Unschuld und keine Sühne
Die Last der Verantwortung liegt auf den Schultern von Major Lars Koch, Pilot eines Bundeswehr-Kampfjets. Koch entscheidet und sitzt alsdann vor Gericht: „Ihm wird zur Last gelegt (...) ein Passagierflugzeug (...), das sich auf dem Flug von Berlin nach München befand, abgeschossen (...) zu haben.“
Es sind die Kernfragen des menschlichen Miteinanders, die Star-Autor Ferdinand von Schirach, der eine juristische Vita im Bereich Strafrecht besitzt, in Terror auflistet: Töten, um Schlimmeres zu verhindern, denn der Linienflug ist von Terroristen gekapert? Das juristische Konstrukt, wie Terror im Klappentext des Programmhefts genannt wird, ist in der weiteren politischen Entwicklung nach dem 11. September zu sehen, die eine Verschiebung der gesellschaftlichen Kräfte von „Freiheit“ zu Gunsten von „Sicherheit“ eingeleitet hat.
Alle sind angesprochen, so scheint der Text, der offensiv um die Beteiligung des Zuschauers buhlt, sich zu fragen, wie viel Wert er oder sie der bürgerlichen Freiheit in einer Demokratie beimessen. Terror ist kein Unterhaltungstext, obwohl die Reflexion zwischen den verschiedenen Ebenen - Verteidigung hier, Staatsanwaltschaft dort, Zeugen dazwischen (reihen sich in die kühle Atmosphäre subtil und unaufdringlich ein, Verteidigerin Biegler: Aylin Esener; Staatsanwältin Nelson: Franziska Machens; Zeuge Lauterbach: Helmut Mooshammer; Zeugin Meisner: Lisa Hrdina; Vorsitzende: Almut Zilcher) - überzeugt.
Dennoch kommt Terror am Ende mehr an eine Seminararbeit im vierten Jurasemester heran, als an einen Text, der den Zuschauer im Innersten berühren kann. Und das liegt nicht daran, dass die Kälte des fiktiven Gerichtssaals seine Widerspiegelung auf der Bühne findet: Die Macher am Deutschen Theater (Bühne: Thilo Reuther; Video: Daniel Hengst) setzen auf Beton, wenn argumentiert wird, und Visuals, wenn die Innenschau angesagt ist.
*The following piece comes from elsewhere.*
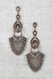 These festival ready earrings feature a bronze metal finish, filigree design with rhinestone detail post backs.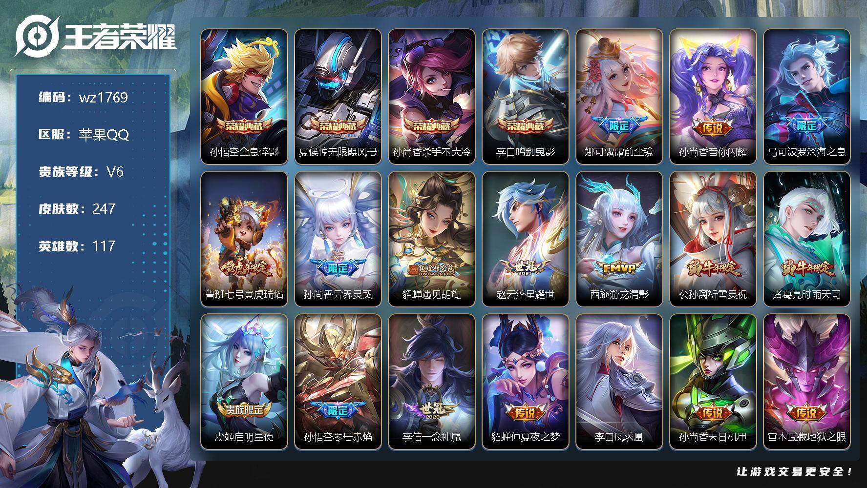 【游戏多多】 【可二次实名】【wz1769】【商品标题】:苹果Q-V6-尊贵铂金II段位-117英雄-247皮肤-4典藏-0珍品无双-0无双-0珍品传说-18传说-74史诗 【荣耀典藏】:孙悟空全息碎影,夏侯惇无限飓风号,孙尚香杀手不太冷,李白鸣剑曳影 【传说皮肤】:娜可露露前尘镜,孙尚香音你闪耀,马可波罗深海之息,鲁班七号寅虎瑞焰,孙尚香异界灵契,貂蝉遇见胡旋,赵云淬星耀世,西施游龙清影,公孙离祈雪灵祝,诸葛亮时雨天司,虞姬启明星使,孙悟空零号赤焰,李信一念神魔,貂蝉仲夏夜之梦,李白凤求凰,孙尚香末日机甲,宫本武藏地狱之眼,孙悟空地狱火 【限定皮肤】:白起狰,狄仁杰阴阳师,虞姬凯尔特女王,廉颇寅虎御盾,赵云皇家上将,墨子神迹守卫,孙尚香蔷薇恋人,孙尚香异界灵契,鲁班七号寅虎瑞焰,庄周蜃楼王,庄周高山流水,钟无艳超时空战士,孙膑妖精王,扁鹊炼金王,白起夜都怪侠,芈月重明,芈月白晶晶,芈月幻夜卜梦,元歌云间偶戏,夏侯惇朔风刀,夏侯惇匿光决锋者,甄姬女儿国国王,甄姬落雪兰心,曹操烛龙,典韦穷奇,马可波罗深海之息,狄仁杰魔术师,狄仁杰万华元夜,达摩星际陆战队,达摩沙漠行僧,项羽海滩派对,老夫子醍醐杖,老夫子航海奇遇记,貂蝉遇见胡旋,程咬金演武夺筹,刘邦夺宝奇兵,韩信飞衡,王昭君午后时光,兰陵王金庭之子,娜可露露前尘镜,亚瑟狮心王,亚瑟潮玩骑士王,孙悟空至尊宝,孙悟空大圣娶亲,孙悟空零号赤焰,孙悟空孙行者,牛魔御旌,后羿辉光之辰,后羿圣弓游侠,李元芳银河之约,李元芳云中旅人,虞姬启明星使,钟馗神迹守卫,钟馗驱傩正仪,干将莫邪真爱魔法,雅典娜单词大作战,雅典娜黎明之约,太乙真人饕餮,鬼谷子原初探秘者,鬼谷子五谷丰年,诸葛亮时雨天司,黄忠火炮绅士,苏烈千军破阵,百里玄策原初追逐者,百里守约朱雀志,弈星混沌棋,梦奇顽趣,公孙离祈雪灵祝,沈梦溪星空之诺,沈梦溪大漠名商,明世隐疑决卦,明世隐吟游魔法,裴擒虎李小龙,裴擒虎擒涛扼浪,狂铁御狮,狂铁电玩高手,米莱狄御霄,米莱狄胡桃异想国,云中君纤云弄巧,盾山御銮,猪八戒猪悟能,嫦娥拒霜思,蒙犽狂想玩偶喵,鲁班大师探海日志,镜匿光追影者,桑启海盐诗旅,艾琳女武神,张良古海寻踪,鬼谷子天穹祈灯,刘邦剑破天穹 【年限皮肤】:百里守约朱雀志,鲁班七号寅虎瑞焰,廉颇寅虎御盾,李白凤求凰,后羿辉光之辰,公孙离祈雪灵祝,诸葛亮时雨天司,韩信飞衡 【赛季限定】:庄周蜃楼王,孙膑妖精王,扁鹊炼金王,白起狰,芈月重明,夏侯惇朔风刀,曹操烛龙,典韦穷奇,狄仁杰万华元夜,达摩沙漠行僧,老夫子醍醐杖,程咬金演武夺筹,兰陵王金庭之子,张良古海寻踪,亚瑟狮心王,牛魔御旌,李元芳云中旅人,虞姬凯尔特女王,钟馗驱傩正仪,雅典娜黎明之约,太乙真人饕餮,鬼谷子原初探秘者,苏烈千军破阵,百里玄策原初追逐者,弈星混沌棋,梦奇顽趣,沈梦溪大漠名商,明世隐疑决卦,裴擒虎擒涛扼浪,狂铁御狮,米莱狄御霄,盾山御銮,鲁班大师探海日志,桑启海盐诗旅,鬼谷子天穹祈灯,刘邦剑破天穹 【战令限定】:墨子神迹守卫,钟无艳超时空战士,白起夜都怪侠,芈月幻夜卜梦,元歌云间偶戏,甄姬落雪兰心,达摩星际陆战队,老夫子航海奇遇记,刘邦夺宝奇兵,王昭君午后时光,亚瑟潮玩骑士王,后羿圣弓游侠,李元芳银河之约,钟馗神迹守卫,干将莫邪真爱魔法,雅典娜单词大作战,黄忠火炮绅士,沈梦溪星空之诺,明世隐吟游魔法,狂铁电玩高手,米莱狄胡桃异想国,蒙犽狂想玩偶喵 【史诗皮肤】:鲁班七号电玩小子,项羽苍穹之光,阿轲暗夜猫娘,赵云皇家上将,赵云未来纪元,貂蝉圣诞恋歌,王昭君偶像歌手,狄仁杰魔术师,廉颇地狱岩魂,宫本武藏鬼剑武藏,孙尚香蔷薇恋人,孙尚香水果甜心,妲己魅力维加斯,妲己女仆咖啡,墨子龙骑士,墨子金属风暴,吕布圣诞狂欢,刘禅绅士熊喵,曹操幽灵船长,李白千年之狐,吕布末日机甲,张飞乱世虎臣,孙悟空至尊宝,刘邦德古拉伯爵,夏侯惇乘风破浪,小乔缤纷独角兽,兰陵王暗隐猎兽者,亚瑟心灵战警,安琪拉心灵骇客,后羿辉光之辰,百里守约特工魅影,蔡文姬舞动绿茵,刘禅天才门将,李元芳逐浪之夏,白起星夜王子,孙策猫狗日记,百里守约朱雀志,孙悟空大圣娶亲,伽罗箭羽风息,狄仁杰鹰眼统帅,李元芳银河之约,韩信飞衡,不知火舞魅语,橘右京修罗,孙尚香时之恋人,蒙犽狂想玩偶喵,百里玄策原初追逐者,裴擒虎李小龙,云中君纤云弄巧,元歌云间偶戏,芈月白晶晶,米莱狄胡桃异想国,老夫子航海奇遇记,干将莫邪真爱魔法,钟馗乐园奇幻夜,安琪拉时之奇旅,孙悟空孙行者,猪八戒猪悟能,庄周高山流水,司马懿暗渊魔法,嫦娥拒霜思,镜匿光追影者,黄忠火炮绅士,雅典娜黎明之约,甄姬女儿国国王,廉颇寅虎御盾,夏洛特永昼,澜赏金猎手,明世隐吟游魔法,夏侯惇匿光决锋者,狂铁电玩高手,钟无艳超时空战士,鬼谷子五谷丰年,梦奇顽趣 【其他皮肤】:项羽海滩派对,韩信教廷特使,阿轲致命

Vielleicht liegt es daran, dass der Held Major Koch (es brilliert als Zerrissener: Timo Weisschnur) zwar stellvertretend für die eigene Gewissensprüfung steht, die aber abstrakt bleibt. Die Konflikte des Helden überzeugen den Zuschauer, dem Koch allmählich ans Herz wächst: Sieht so ein Mörder aus? Sicher nicht!
Am Ende darf das Publikum entscheiden. Auch die Axel-Springer-Führungsriege in Reihe acht schien lieb und piep: unschuldig!